-- Task details --
All lines from the beginning of the listing through the line with "교차 오각 기둥은 균일하게" are to be copied word for word; the pictures are not.
--- Raw data ---
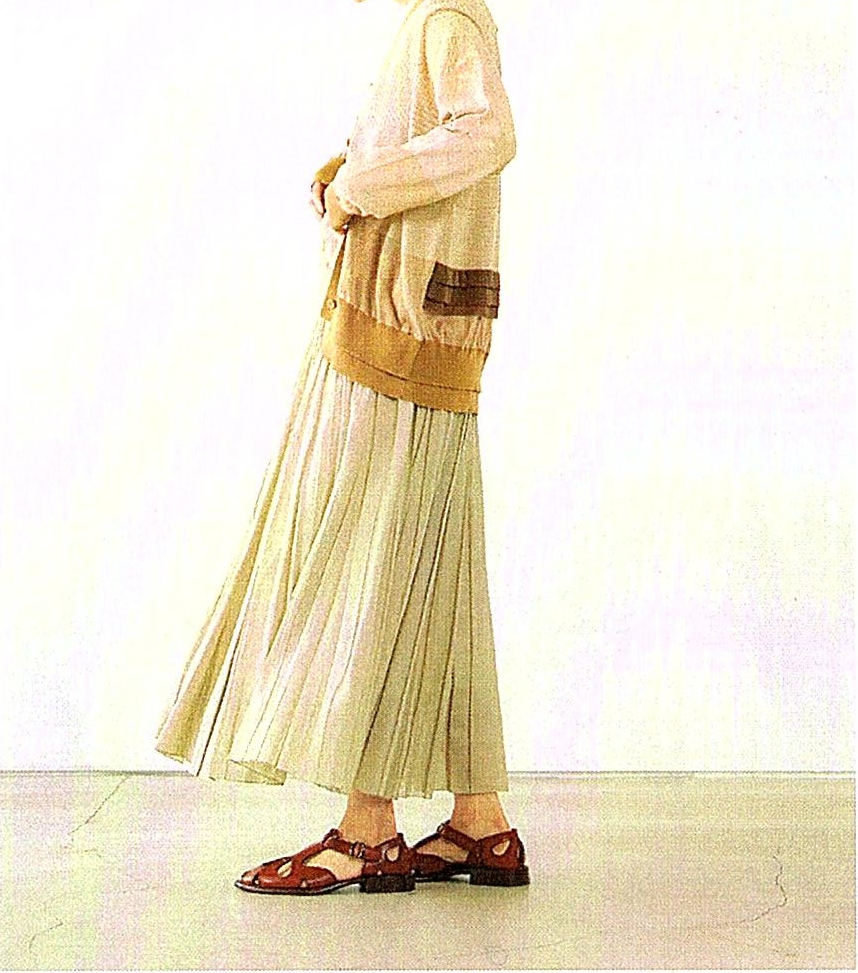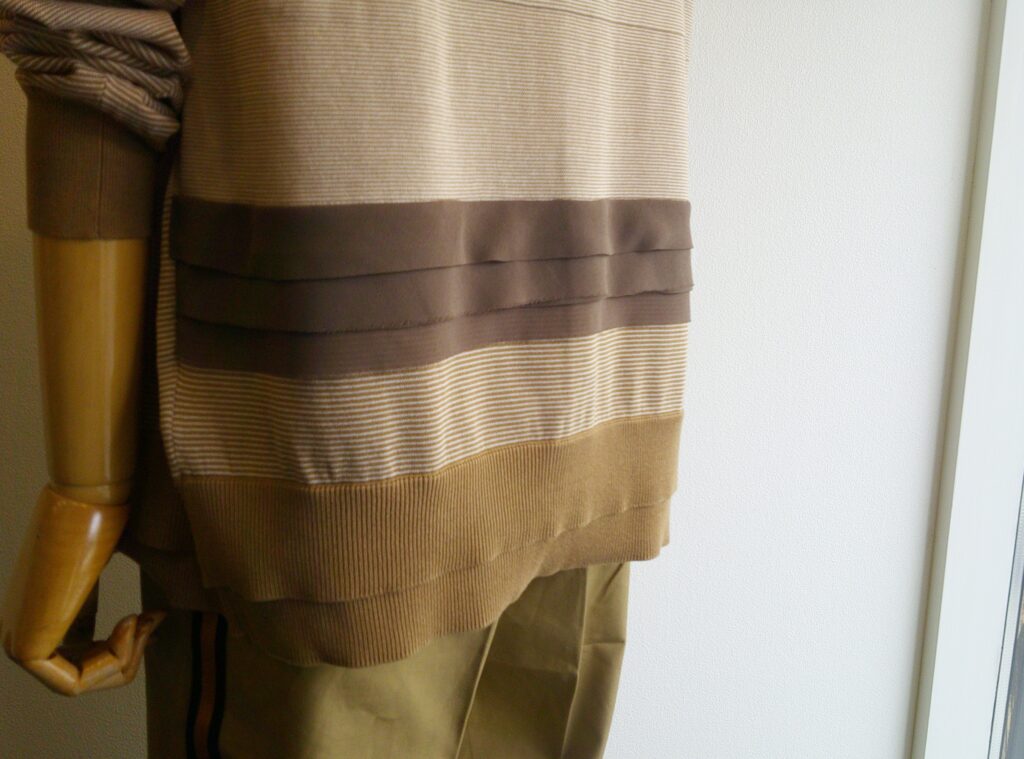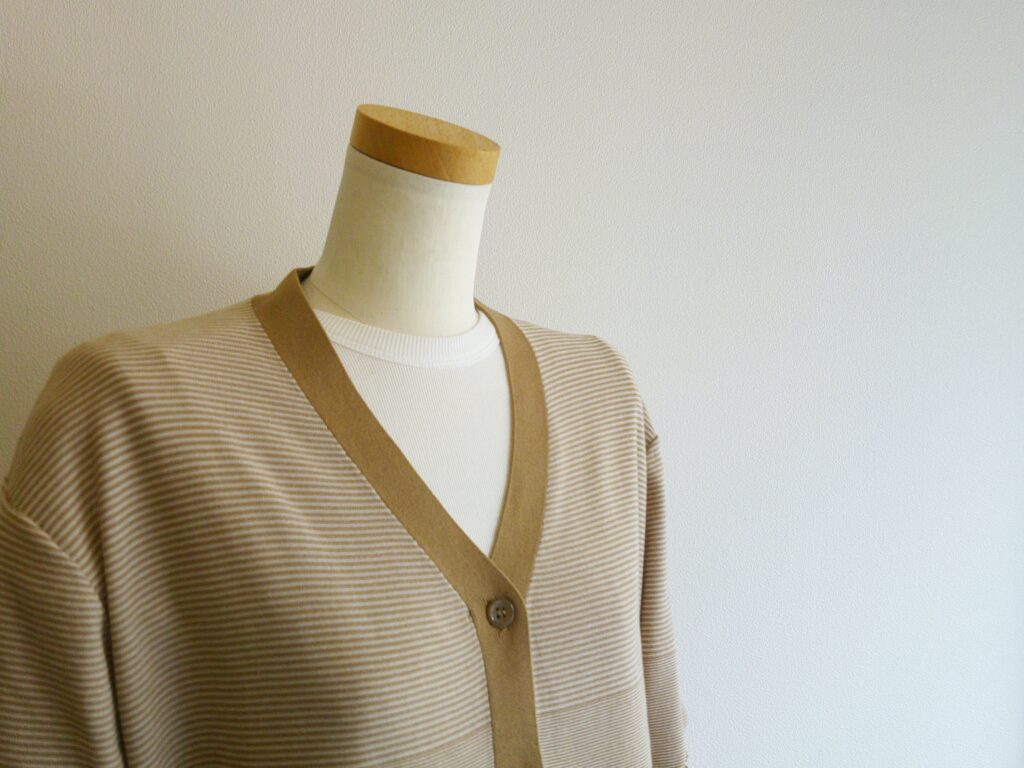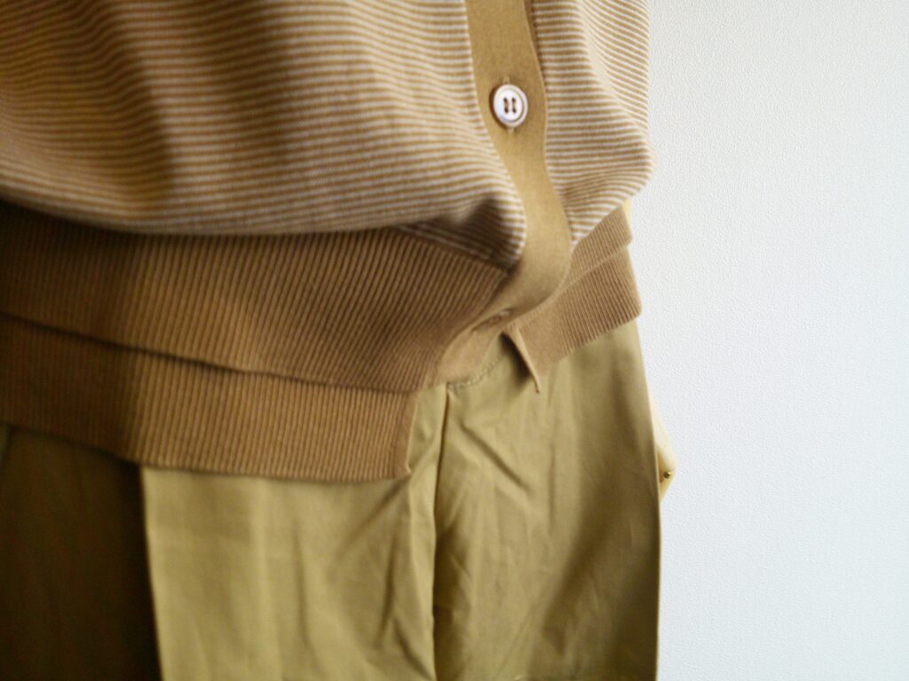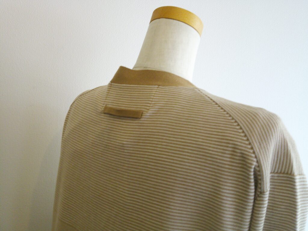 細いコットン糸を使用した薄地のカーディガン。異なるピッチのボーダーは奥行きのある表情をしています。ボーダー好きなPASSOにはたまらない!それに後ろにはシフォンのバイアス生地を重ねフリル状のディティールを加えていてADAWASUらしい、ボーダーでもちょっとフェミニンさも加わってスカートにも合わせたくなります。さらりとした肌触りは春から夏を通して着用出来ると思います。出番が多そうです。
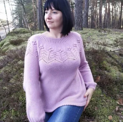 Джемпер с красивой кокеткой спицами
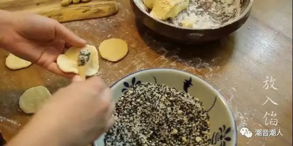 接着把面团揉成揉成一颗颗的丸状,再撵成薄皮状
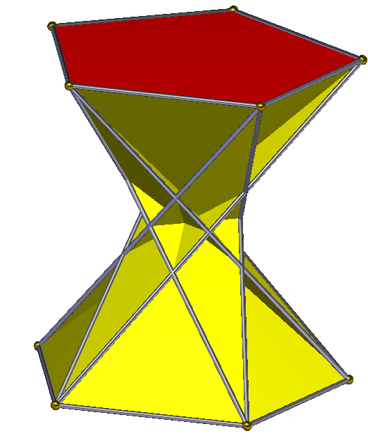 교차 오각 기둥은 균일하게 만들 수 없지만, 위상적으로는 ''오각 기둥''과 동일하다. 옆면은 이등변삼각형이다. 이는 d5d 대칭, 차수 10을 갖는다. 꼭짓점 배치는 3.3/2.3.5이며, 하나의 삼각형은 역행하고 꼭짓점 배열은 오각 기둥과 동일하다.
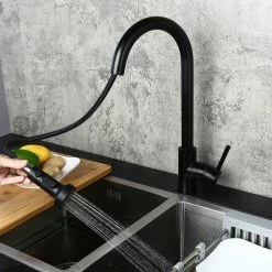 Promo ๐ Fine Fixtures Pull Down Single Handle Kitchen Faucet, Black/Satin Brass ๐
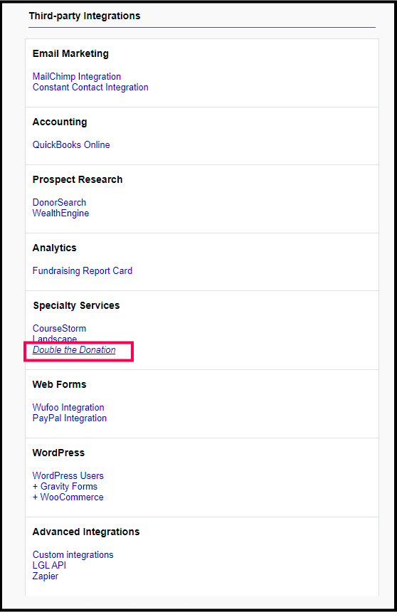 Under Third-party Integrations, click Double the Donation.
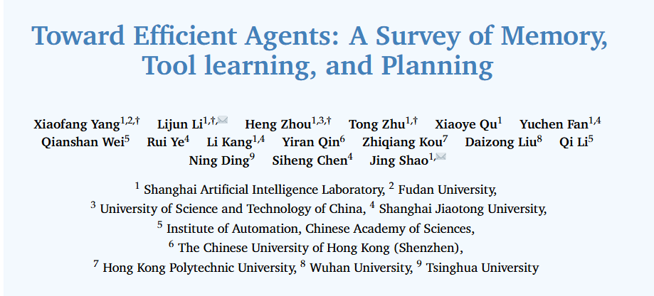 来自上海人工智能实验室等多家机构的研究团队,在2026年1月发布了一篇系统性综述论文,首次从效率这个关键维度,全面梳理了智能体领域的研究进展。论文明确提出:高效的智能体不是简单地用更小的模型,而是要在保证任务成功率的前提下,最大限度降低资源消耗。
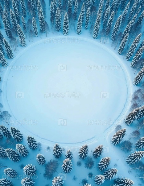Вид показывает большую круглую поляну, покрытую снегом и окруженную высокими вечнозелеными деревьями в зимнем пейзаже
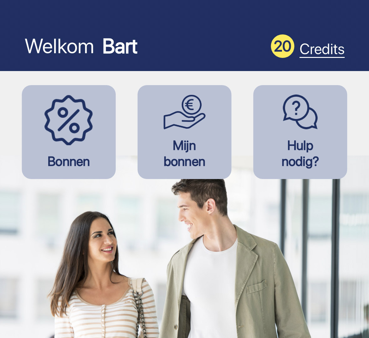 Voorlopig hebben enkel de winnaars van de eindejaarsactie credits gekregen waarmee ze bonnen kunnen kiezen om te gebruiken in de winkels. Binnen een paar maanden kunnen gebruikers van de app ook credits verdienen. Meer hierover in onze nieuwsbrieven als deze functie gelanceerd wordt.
---
-- Answer to this exercise --
 細いコットン糸を使用した薄地のカーディガン。異なるピッチのボーダーは奥行きのある表情をしています。ボーダー好きなPASSOにはたまらない!それに後ろにはシフォンのバイアス生地を重ねフリル状のディティールを加えていてADAWASUらしい、ボーダーでもちょっとフェミニンさも加わってスカートにも合わせたくなります。さらりとした肌触りは春から夏を通して着用出来ると思います。出番が多そうです。
 Джемпер с красивой кокеткой спицами
 接着把面团揉成揉成一颗颗的丸状,再撵成薄皮状
 교차 오각 기둥은 균일하게 만들 수 없지만, 위상적으로는 ''오각 기둥''과 동일하다. 옆면은 이등변삼각형이다. 이는 d5d 대칭, 차수 10을 갖는다. 꼭짓점 배치는 3.3/2.3.5이며, 하나의 삼각형은 역행하고 꼭짓점 배열은 오각 기둥과 동일하다.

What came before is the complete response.